Cet homme qui avait fait de la modestie un exercice
quotidien était profondément engagé envers les destinées de
sa patrie. Fidèle défenseur des valeurs du socialisme, de la
Révolution et de ses leaders historiques, Corrieri n’a
jamais cessé de faire valoir et de partager ses convictions
ni de se consacrer pleinement aux tâches qui lui ont été
confiées.
Sur les planches, ce Havanais né le 2 mars 1938 a laissé
derrière lui une véritable légende. Très tôt attiré par le
théâtre, il s’inscrivit au Théâtre universitaire et débuta
à l’âge de 16 ans dans la pièce du Brésilien Joracy Camargo,
Le petit-fils de Dieu.
Fondateur du Théâtre Estudio aux côtés de Raquel et de
Vicente Revuelta, il participa à la première mise en scène
de la pièce d’Eugene O’ Neill, Long voyage vers la nuit.

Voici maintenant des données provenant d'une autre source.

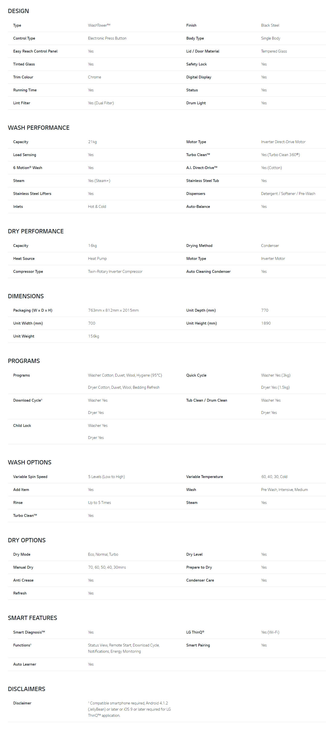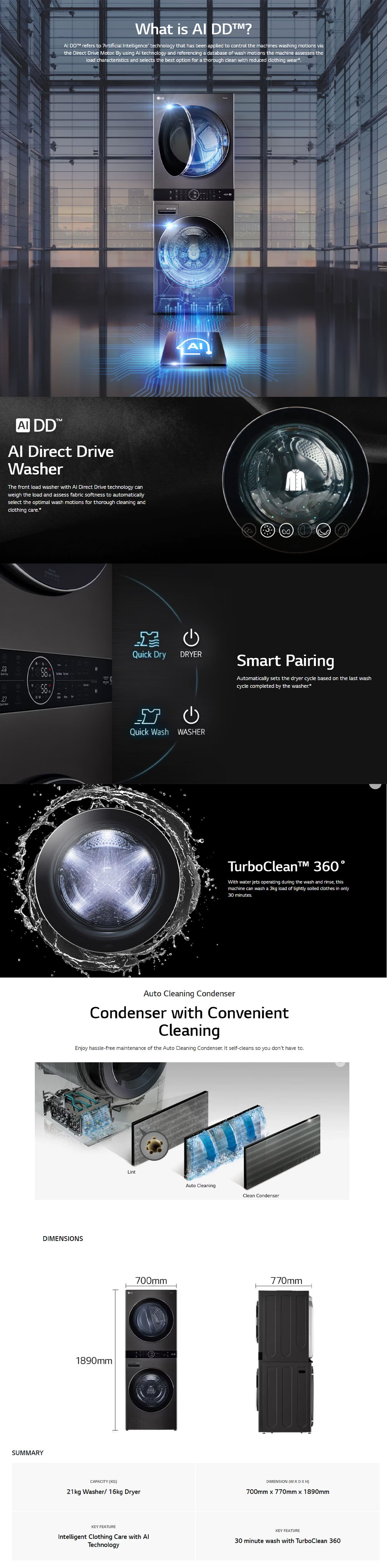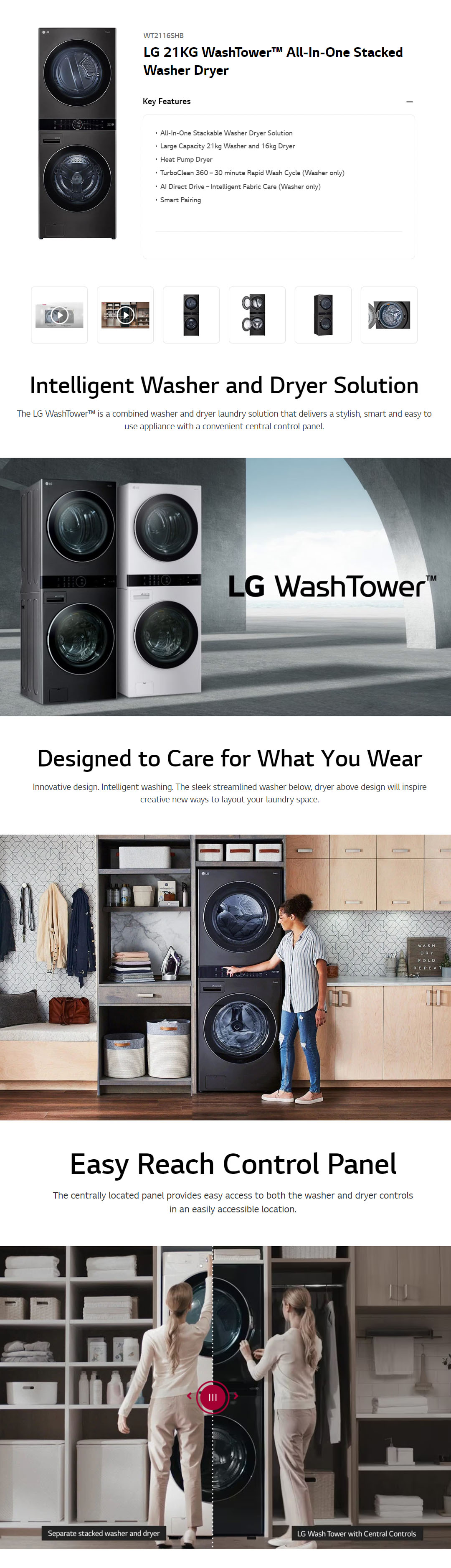 LG 21KG/16KG All-In-One Stacked Washer Dryer with AI Direct Drive WT2116SHB | Heat Pump Dryer | Smart Pairing | Safety Lock | Washer Dryer with 1 Year Warranty
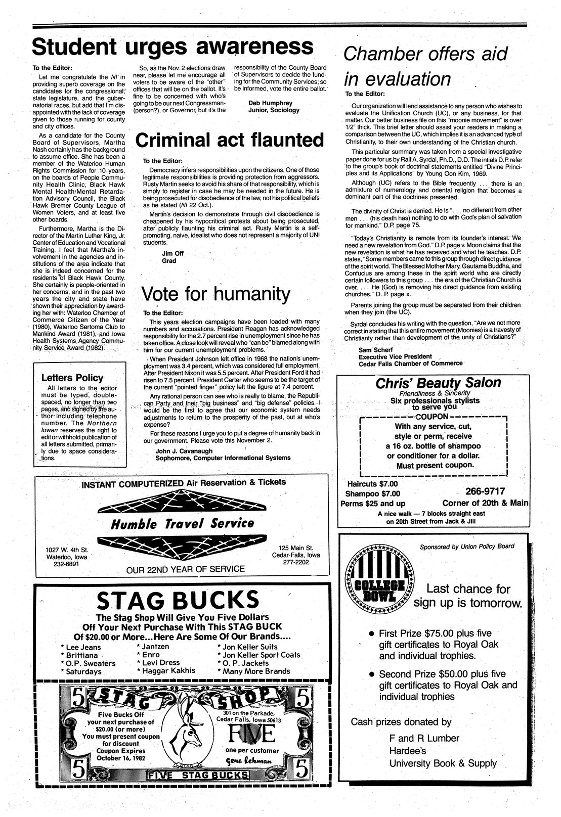 | Chamber offers aid in evaluation | Cedar Falls Chamber of Commerce offers assistance to anyone evaluating the Unification Church. |

On l’a vu incarner les personnages les plus divers et les
plus exigeants des œuvres de Miller et Tchékhov, de Lope de
Vega et d’Albee, de Brecht et de Schnitzler, de Dragun et de
Maïakovski, puis se tourner vers la mise en scène avec un
égal talent : on se rappelle encore la première mondiale, en
1964, de Contigo pan y cebolla, la célèbre comédie
d’Hector Quintero.
Mais dès cette époque Sergio n’était pas seulement un homme
de théâtre. « La Révolution avait changé nos vies, dit-il
dans une interview, et ouvrait de nouvelles perspectives à
la culture cubaine. Nous estimions qu’il fallait faire de
l’art avec la Révolution et pour la Révolution, un art de
hautes valeurs, et être en même temps un citoyen et un
soldat. »
Ces idées l’amenèrent à se lancer en 1968 dans une
expérience inédite : le groupe Teatro Escambray, qu’il fonde
dans une chaîne montagneuse du centre de l’île avec sa mère,
Gilda Hernandez, une des femmes de théâtre les plus
enthousiastes de son temps. Sur cette époque il a laissé ce
commentaire : « Nous ne cherchions pas un répertoire avec
des œuvres universellement connues et très belles. Il ne
s’agissait pas pour nous d’apporter aux gens des montagnes
ce type de bagage culturel mais plutôt de leur fournir des
éléments de jugement pour qu’ils comprennent mieux leur
réalité et deviennent ainsi capables d’agir sur elle. »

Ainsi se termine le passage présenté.